Population-based cancer screening programs are generally directed at all healthy individuals in a given age stratum. For instance, mammography screening is typically offered to women aged 45–70 and fecal blood tests or colonoscopy to all individuals at similar ages. In many countries, men aged 45–55 years are recommended to engage in a shared-decision making process with their doctor with respect to prostate-specific antigen (PSA) testing. It seems intuitive that the net benefit of these and other cancer screening programs will be improved by risk stratification, focusing screening on those at higher risk and screening less often, or minimally, those at lower risk.
Genome-wide association studies have identified associations between single nucleotide polymorphisms (SNPs) and the risk of developing many types of cancer1. Proponents assert that polygenic risk score (PRS) testing, based on panels of risk SNPs, will improve early detection of cancer through individualized screening programs. Enthusiasm for PRSs is well-documented in recent publications such as the Genome UK report2. Moreover, an increasing number of companies offer direct to consumers genetic testing that incorporate PRSs. Clinical studies, such as BARCODE13 have been launched, whereby men with a prostate cancer PRS in the top decile of risk undergo prostate imaging and biopsy.
While PRS testing to risk-stratify screening is highly seductive, there have been concerns. These have largely focused on the questionable discriminatory capability of PRSs, low utility in less common cancers, and lack of replication in non-European populations4,5. Here we raise an additional point, arguing that screening only those at highest risk of disease is problematic where screening programs are associated with overdiagnosis, defined herein as detection of a cancer that would not otherwise have led to symptoms before a patient died of another cause. Specifically, a risk classifier that does not discriminate between disease incidence and disease mortality will not reduce overdiagnosis disproportionately. As a way forward, we introduce a simple formula for net benefit that incorporates both harms of screening—such as anxiety, or pain and side-effects of biopsy for false positives—and the harms of overdiagnosis, such as side-effects from treatment. We show that, if a marker predicts incidence rather than mortality, it will only be useful for determining a high-risk subgroup for screening under a limited number of scenarios, where the inherent harms of screening are high and the effects of screening on mortality are moderate. We recommend that research on use of PRS to inform screening should focus on SNPs associated with cancer mortality, rather than incidence.

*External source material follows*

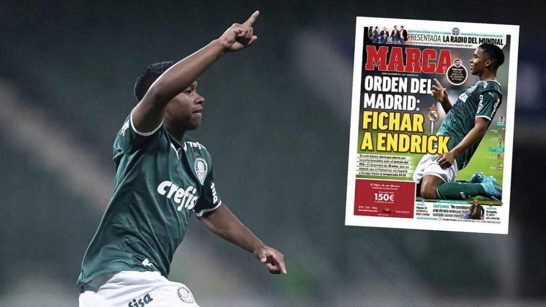 7月年滿16歲後,帕爾梅拉斯才與恩德里克簽署職業合同,允許他參加職業賽事。射入巴甲處子球后,恩德里克模仿了哈蘭德的慶祝動作,歐洲豪門自然從他身上看到了另一個超級前鋒的潛力。切爾西、利物浦、曼聯和曼城都對恩德里克有意,但皇馬絕不讓當年錯失內馬爾的歷史重演。
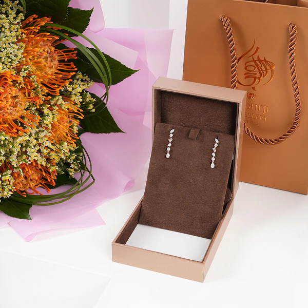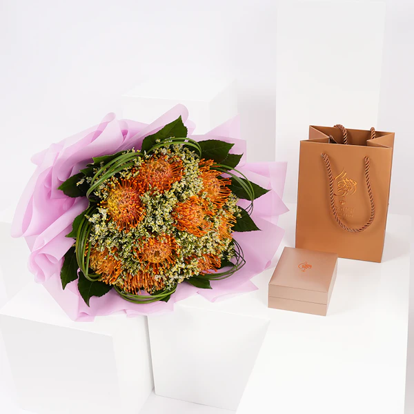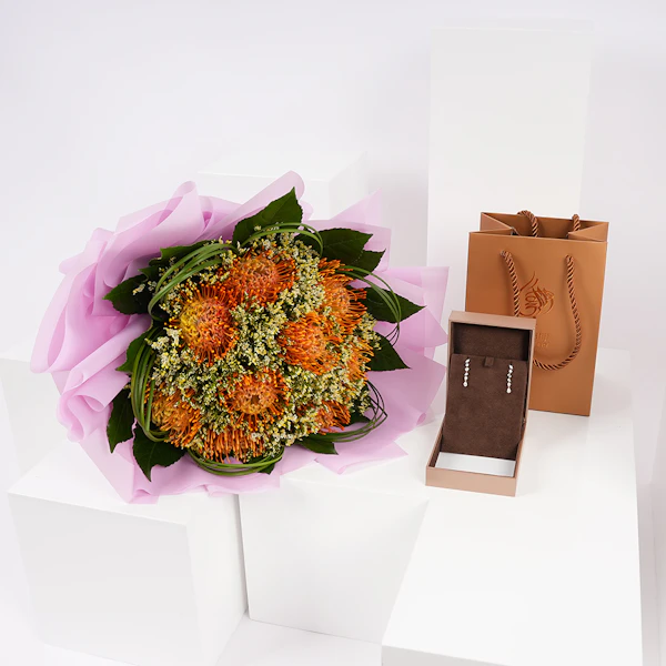 نُسقت هذه الهدية الأنيقة بالتعاون مع مجوهرات الكوهجي وفريقنا المبدع بتنسيق الأزهار لتكون الهدية المثالية لمناسباتكم السعيدة.

We note that our emphasis on overdiagnosis is somewhat different from papers in the literature focusing on the screening “footprint”: screening programs are often evaluated in terms of the number of patients who need to be screened to prevent one death; here we also want to consider the number who are overdiagnosed. This work is therefore applicable to markers for cancers, such as breast and prostate, where overdiagnosis is associated with harm. Our findings are of less relevance for cancer screening programs where overdiagnosis is not an important problem, melanoma6 or colorectal cancer being obvious examples. Also note that we are specifically investigating the suggestion that PRSs be used to determine who and who not to screen3,7,8. This is quite separate from the proposal that PRSs determine the intensity of screening (e.g., annual vs. biennial) or age range (e.g., earlier starting for those with high PRS)9, approaches that are unlikely to make an important difference to overdiagnosis.

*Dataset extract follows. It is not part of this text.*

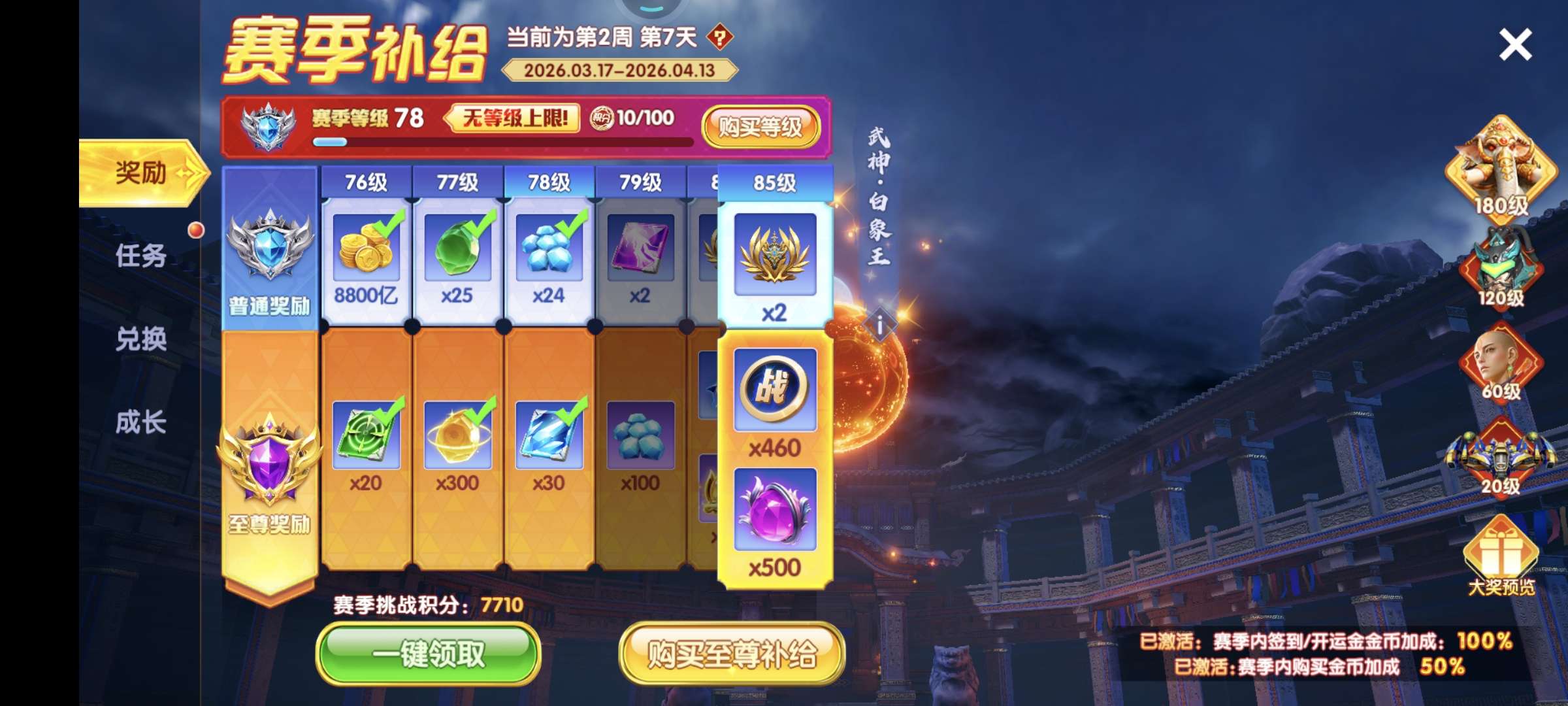 小米,1350京买断1.9比例,2.5w炮,黑炮8w,3级洪荒,爆率可查,双月卡,赛季补给

Risk stratification for reducing the burden of screening
We will start by leaving aside the issue of overdiagnosis and consider what is arguably the more traditional approach, focusing only how a predictive marker could reduce the burden of screening. Although our interest is PRSs, we will use the term “marker” generically to refer to PRSs, as well as blood and imaging markers, clinical factors (such as age, race, age at menarche) or an algorithm that combines several predictors into a single score. Our reference strategy is a hypothetical population-based screening program that has been shown to increase diagnoses by 50 per 1000 and decrease mortality by 10 per 1000 (i.e., 40 overdiagnoses per 1000). We assume that a marker is developed to determine which members of the population should be screened and which exempted. If the marker is normally distributed on the logit scale and there is a 1 standard deviation difference between cancer cases and controls in the target population, the area-under-the-curve (AUC) would be around 0.75, with ~33%, 67%, and 80% of cancers found in the top 10%, 33%, and 50% of marker scores, respectively. Let us also assume that the marker does not predict mortality any better than incidence, that is, amongst those diagnosed with cancer, there is no difference in marker scores between those who do and do not subsequently succumb to cancer.

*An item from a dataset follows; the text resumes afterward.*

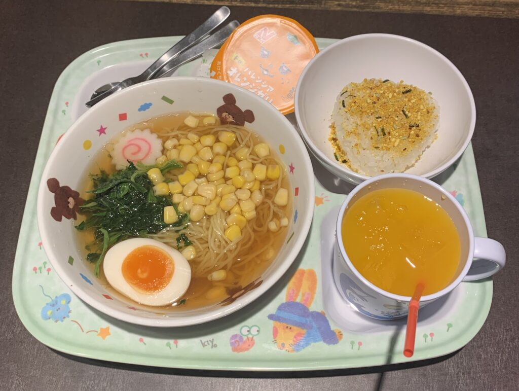 | ・しょうゆらーめん ・ふりかけおにぎり ・オレンジゼリー ・オレンジジュース ・ガチャガチャコイン |

Although this is a hypothetical example, the parameters are close to estimates reported for PSA screening and prostate cancer PRSs, albeit a little favorable for the latter. A good estimate for PSA screening is that it leads to five additional cases per every prostate cancer death prevented10; a paper on a PRS reported that the proportion of cancers in the top 10%, 33%, and 50% of PRS risk approached 33%, 60%, and 80% respectively11; a different PRS was found to have almost identical hazard ratios irrespective of whether the endpoint was prostate cancer, aggressive prostate cancer, or prostate cancer death12.
We can now compare the strategy of screening all eligible individuals in the population with that of screening only those at high-risk. We must first assume that the probability an individual will develop cancer is independent of the probability early detection will prevent cancer-specific death. This seems to be a reasonable assumption and there is currently no evidence that, say, individuals with higher PRS scores are any more or less likely to have cancers incurable at screen detection. If we screen all eligible individuals, we need to screen 100 people to prevent 1 death; if we screen only those in the top 50%, 33%, or 10% of risk, the number of individuals screened to prevent one death is 63, 50, and 30, respectively (Table 1). While a threefold increase in risk for an individual undergoing screening seems like a vindication of risk-stratified screening, ratios are generally not helpful for decisions regarding delivery of population screening health.
A more traditional decision-analytic approach is to estimate net benefit, calculated as benefits minus harms, where harms are defined as all negative consequences of screening (such as anxiety, financial costs, biopsy for false-positives) and are weighted in terms of benefit13. For example, if we assume that an early death from cancer is 500 times more harmful than going through a screening program, the net benefit would be: lives saved minus individuals screened ÷ 500. Applying this formula to the numbers above we get a net benefit of 8, 7, 5.33, and 3.13 for screening all, 50%, 33%, or 10% of the population.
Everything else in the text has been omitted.